For more information please see the Hawkular Metrics page.

Accessing the Hawkular Metrics Python Client

The Hawkular Metrics pod has been configured so that the Hawkular Python client is installed and given admin priviledges by default. This will allow you to check and query metrics directly from within the Hawkular Metric pods.

The command to run the client is client and can be run from the terminal within the OpenShift console or via the oc exec command.

Please see the Hawkular Metrics python client project for more information.

Accessing Heapster Directly

The Heapster deployed as part of origin-metrics is configured to be only accessible via the API Proxy. Access will require either cluster-reader or cluster-admin privileges.

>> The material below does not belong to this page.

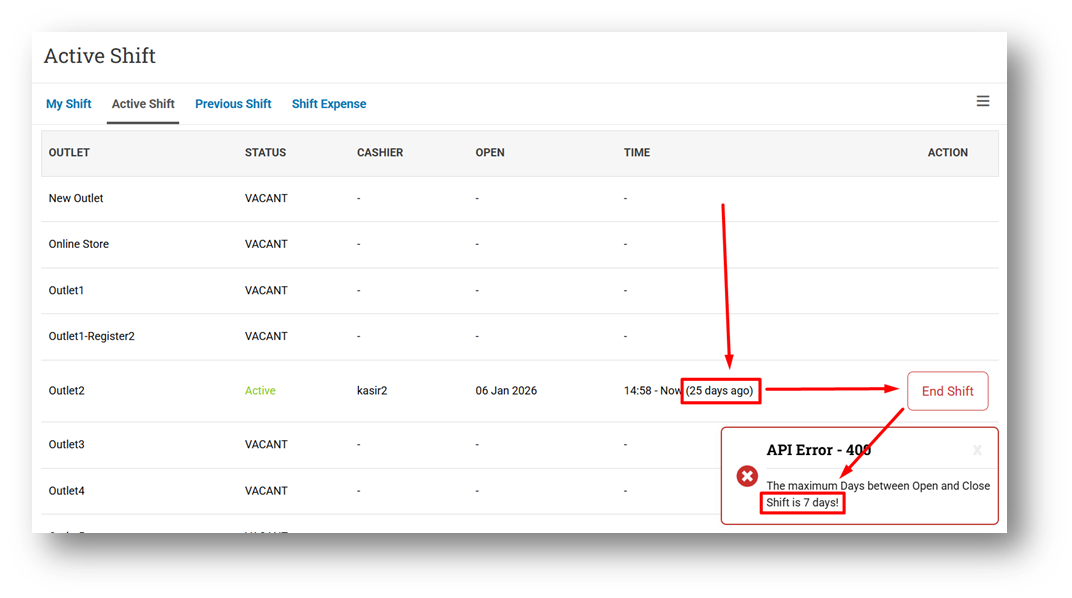 [Shift] Improve Toaster Message When Close Shift Fails Due to Maximum Days Exceeded
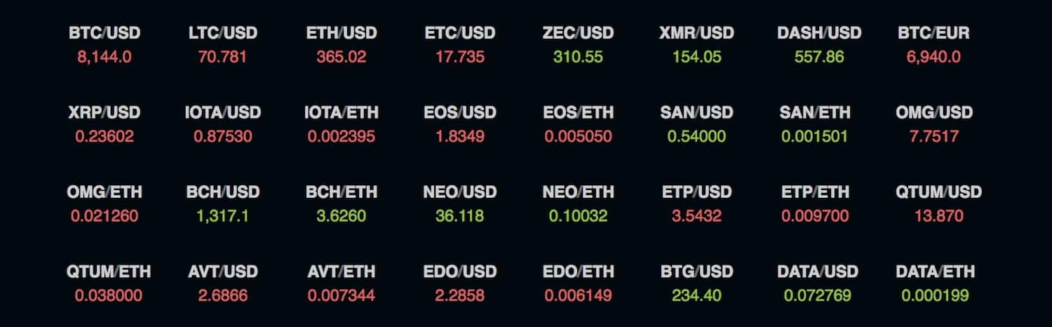 Du kan handla över 40 olika kryptovalutor och tokens hos Bitfinex. Dessutom tillkommer det ständigt nya kryptovalutor på handelsplatsen. Orderboken för att handla kryptovalutor är fullständigt transparent. Nedan har vi listat några av kryptovalutorna med tickersymbol som du kan handla:

For example, to reach the Heapster metrics endpoint, you would need to access it by doing something like:

$ curl -H "Authorization: Bearer XXXXXXXXXXXXXXXXX" \
       -X GET https://${KUBERNETES_MASTER}/api/v1/proxy/namespaces/openshift-infra/services/https:heapster:/api/v1/model/metrics

For more information about Heapster and how to access its APIs, please refer the Heapster project.

Cleanup

If you wish to undeploy and remove everything deployed by the deployer, the follow commands can be used:

$ oc delete all,secrets,sa,templates --selector=metrics-infra -n openshift-infra
Note

The persistent volume claim will not be deleted by the above command. If you wish to permanently delete the data in persistent storage you can run oc delete pvc --selector=metrics-infra

If you wish to remove the deployer’s components themselves

$ oc delete sa,secret metrics-deployer -n openshift-infra

Known Issues

Please see the known issues page in the documentation.